The Abebe Bikila Award is an annual prize given by the New York Road Runners club (NYRR) to honour individuals who have made a significant contribution to the sport of long-distance running. The first recipient of the award was Ted Corbitt, a founder of both NYRR and the Road Runners Club of America, who received the honour on October 27, 1978. The award is named in honour of the two-time Olympic marathon winner Abebe Bikila of Ethiopia.

Past winners of the award include: Olympic gold medallists Frank Shorter, Rosa Mota and Lasse Virén; world record breakers Paula Radcliffe, Khalid Khannouchi and Paul Tergat; and multiple major marathon winners Grete Waitz, Alberto Salazar and Joan Samuelson.

While the award has typically been associated with elite level runners, particularly marathon runners, it has also been given to non-athletes.
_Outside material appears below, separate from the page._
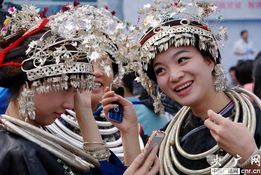 貴州凱里苗族群眾載歌載舞慶祝2014中國(guó)國(guó)際民間工藝品博覽會(huì)暨第三屆中國(guó)銀飾刺繡博覽會(huì)開(kāi)幕(央廣網(wǎng)發(fā) 姜澤鵬 攝)

Fred Lebow – creator of the New York Marathon – became the first person to win the award who was not a professional athlete in 1995. The 2001 award was given to Mayor of New York Rudy Giuliani on the basis of his dedication to the city in the aftermath of the September 11 attacks. The 2009 winner, long-time road running organiser and event director Allan Steinfeld, was the third non-professional athlete to receive the award. The Rudin family, long-time sponsors of the New York Marathon, were the first non-individual recipients of the award in 2012.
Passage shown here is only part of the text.